> DATA FOR THIS TASK:
———

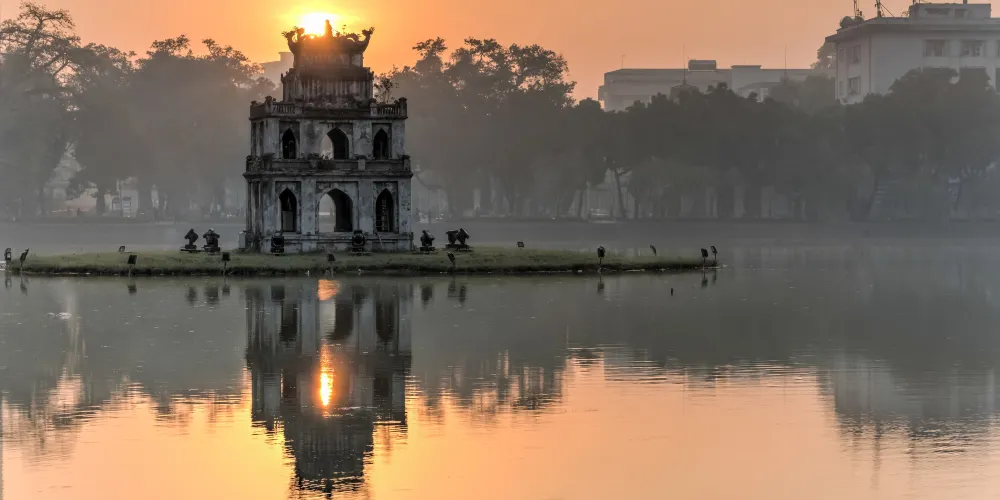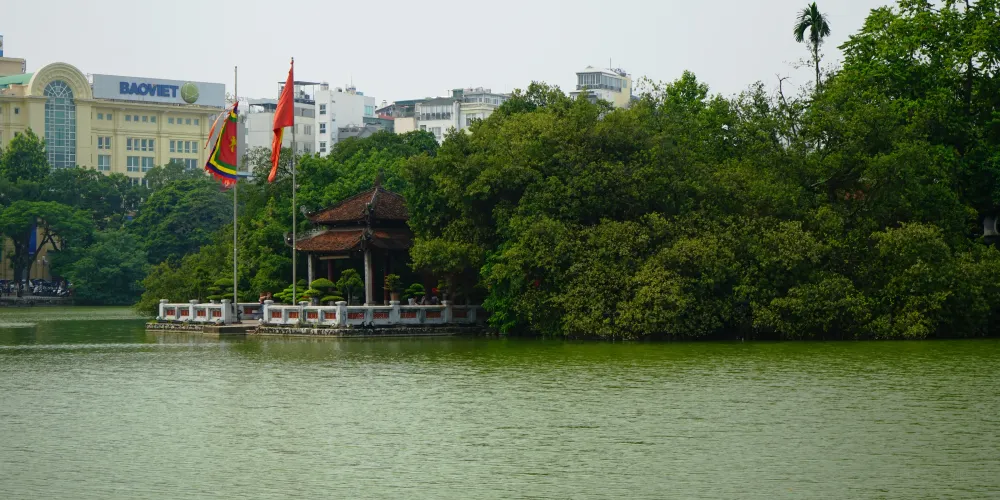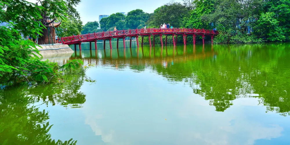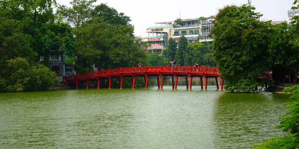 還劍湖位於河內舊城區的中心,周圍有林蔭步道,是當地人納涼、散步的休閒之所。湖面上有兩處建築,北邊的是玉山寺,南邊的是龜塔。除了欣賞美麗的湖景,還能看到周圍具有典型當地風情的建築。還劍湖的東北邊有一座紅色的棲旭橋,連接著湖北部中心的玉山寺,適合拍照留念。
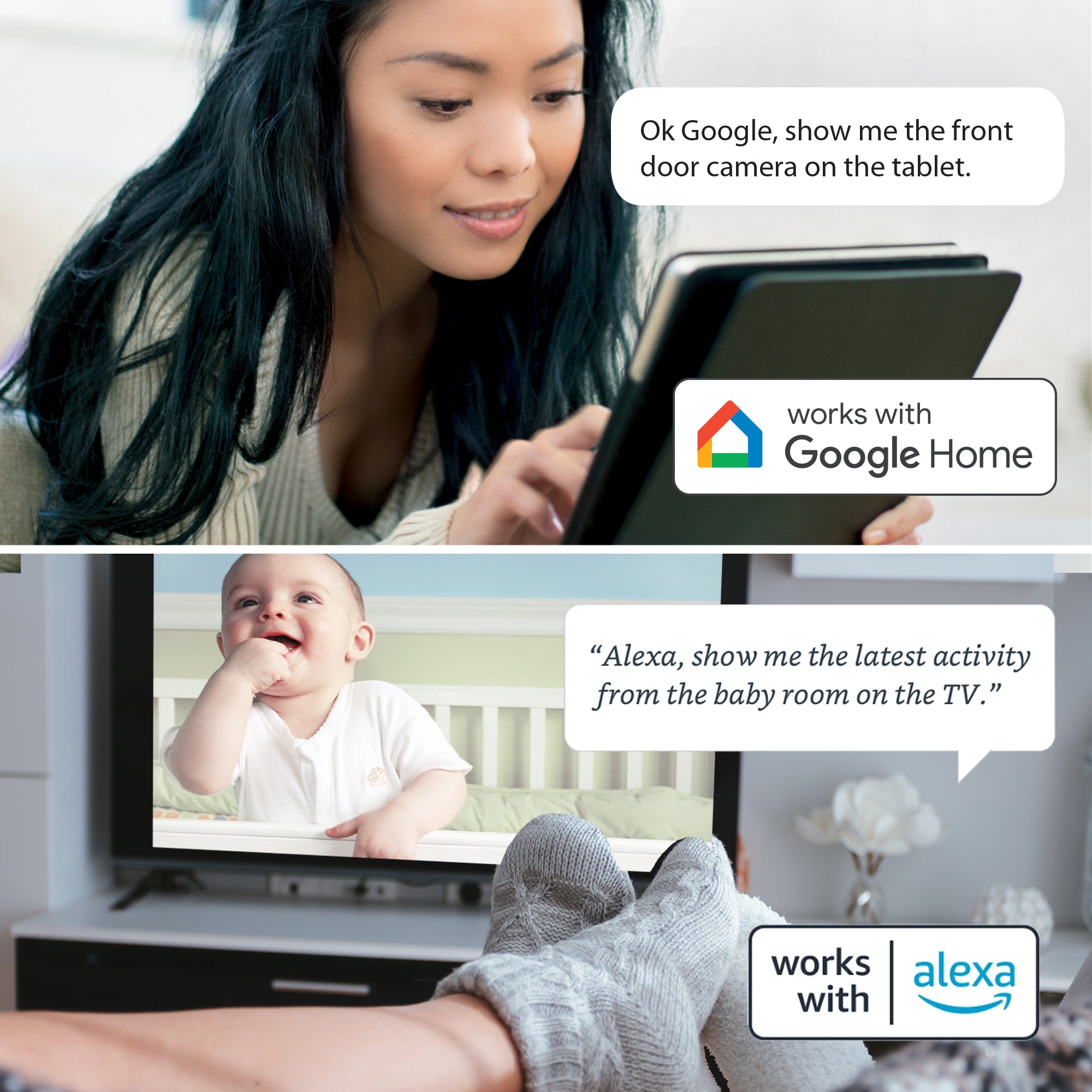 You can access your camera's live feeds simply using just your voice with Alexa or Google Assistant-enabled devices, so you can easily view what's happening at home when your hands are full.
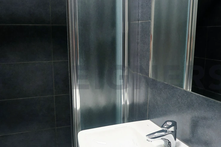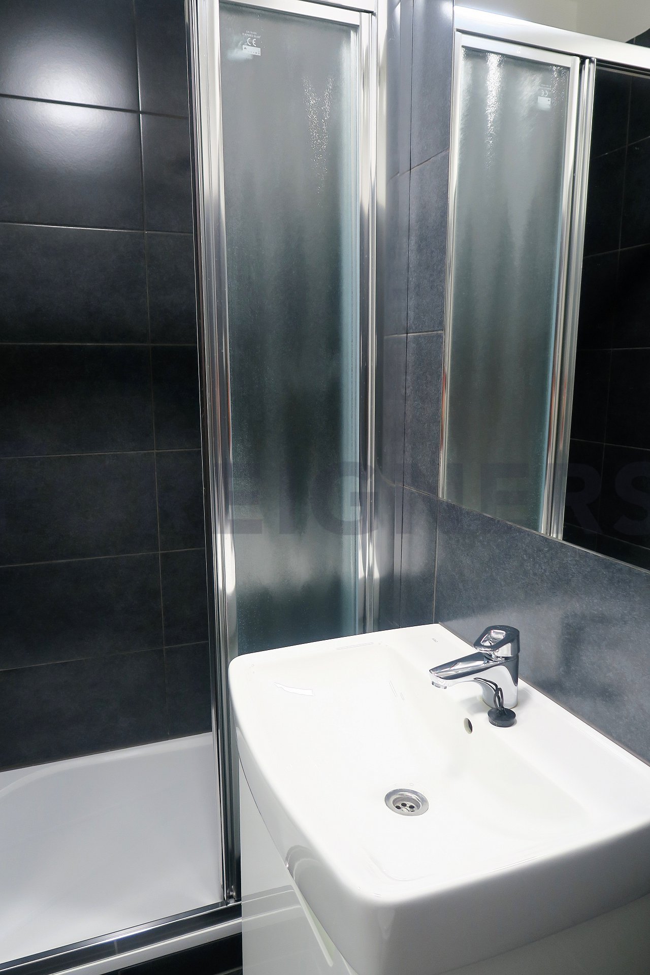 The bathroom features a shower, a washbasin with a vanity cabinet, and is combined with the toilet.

———

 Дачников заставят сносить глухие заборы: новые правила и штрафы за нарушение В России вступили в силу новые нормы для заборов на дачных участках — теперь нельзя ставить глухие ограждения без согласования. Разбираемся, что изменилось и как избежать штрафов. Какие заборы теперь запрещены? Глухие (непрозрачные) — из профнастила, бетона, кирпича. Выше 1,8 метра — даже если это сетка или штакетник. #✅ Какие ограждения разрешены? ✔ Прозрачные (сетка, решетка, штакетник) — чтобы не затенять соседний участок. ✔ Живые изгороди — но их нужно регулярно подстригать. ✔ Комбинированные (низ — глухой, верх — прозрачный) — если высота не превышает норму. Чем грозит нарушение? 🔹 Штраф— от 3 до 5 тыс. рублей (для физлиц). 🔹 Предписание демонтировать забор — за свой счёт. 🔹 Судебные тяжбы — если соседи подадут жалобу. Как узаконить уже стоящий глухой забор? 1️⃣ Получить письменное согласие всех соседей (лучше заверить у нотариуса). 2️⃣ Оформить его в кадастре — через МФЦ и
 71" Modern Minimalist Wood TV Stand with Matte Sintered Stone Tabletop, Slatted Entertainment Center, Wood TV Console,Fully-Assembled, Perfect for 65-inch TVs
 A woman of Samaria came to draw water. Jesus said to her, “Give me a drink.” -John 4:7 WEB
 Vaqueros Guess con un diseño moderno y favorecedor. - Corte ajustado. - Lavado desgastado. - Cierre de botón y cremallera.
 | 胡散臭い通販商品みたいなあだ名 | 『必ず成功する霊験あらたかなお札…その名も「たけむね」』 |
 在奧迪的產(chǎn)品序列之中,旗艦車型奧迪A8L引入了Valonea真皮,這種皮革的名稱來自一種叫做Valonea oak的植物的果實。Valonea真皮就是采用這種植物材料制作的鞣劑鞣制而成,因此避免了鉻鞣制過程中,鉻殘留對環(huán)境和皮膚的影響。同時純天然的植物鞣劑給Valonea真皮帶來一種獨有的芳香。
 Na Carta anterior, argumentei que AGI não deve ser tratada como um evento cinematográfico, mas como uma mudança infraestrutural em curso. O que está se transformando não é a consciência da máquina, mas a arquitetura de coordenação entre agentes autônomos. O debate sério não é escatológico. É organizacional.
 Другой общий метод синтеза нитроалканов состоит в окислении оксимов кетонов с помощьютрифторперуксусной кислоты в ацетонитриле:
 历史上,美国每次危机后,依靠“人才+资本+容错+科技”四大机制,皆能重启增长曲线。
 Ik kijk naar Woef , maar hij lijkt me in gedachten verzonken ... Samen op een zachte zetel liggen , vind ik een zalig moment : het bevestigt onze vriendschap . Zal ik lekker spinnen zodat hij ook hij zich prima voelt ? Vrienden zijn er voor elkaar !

———

> DIRECTIONS:
Reproduce exactly, and with no other material, the lines between those holding "Дачников заставят сносить" and "Vaqueros Guess con", inclusive.

> THE ANSWER:
 Дачников заставят сносить глухие заборы: новые правила и штрафы за нарушение В России вступили в силу новые нормы для заборов на дачных участках — теперь нельзя ставить глухие ограждения без согласования. Разбираемся, что изменилось и как избежать штрафов. Какие заборы теперь запрещены? Глухие (непрозрачные) — из профнастила, бетона, кирпича. Выше 1,8 метра — даже если это сетка или штакетник. #✅ Какие ограждения разрешены? ✔ Прозрачные (сетка, решетка, штакетник) — чтобы не затенять соседний участок. ✔ Живые изгороди — но их нужно регулярно подстригать. ✔ Комбинированные (низ — глухой, верх — прозрачный) — если высота не превышает норму. Чем грозит нарушение? 🔹 Штраф— от 3 до 5 тыс. рублей (для физлиц). 🔹 Предписание демонтировать забор — за свой счёт. 🔹 Судебные тяжбы — если соседи подадут жалобу. Как узаконить уже стоящий глухой забор? 1️⃣ Получить письменное согласие всех соседей (лучше заверить у нотариуса). 2️⃣ Оформить его в кадастре — через МФЦ и
 71" Modern Minimalist Wood TV Stand with Matte Sintered Stone Tabletop, Slatted Entertainment Center, Wood TV Console,Fully-Assembled, Perfect for 65-inch TVs
 A woman of Samaria came to draw water. Jesus said to her, “Give me a drink.” -John 4:7 WEB
 Vaqueros Guess con un diseño moderno y favorecedor. - Corte ajustado. - Lavado desgastado. - Cierre de botón y cremallera.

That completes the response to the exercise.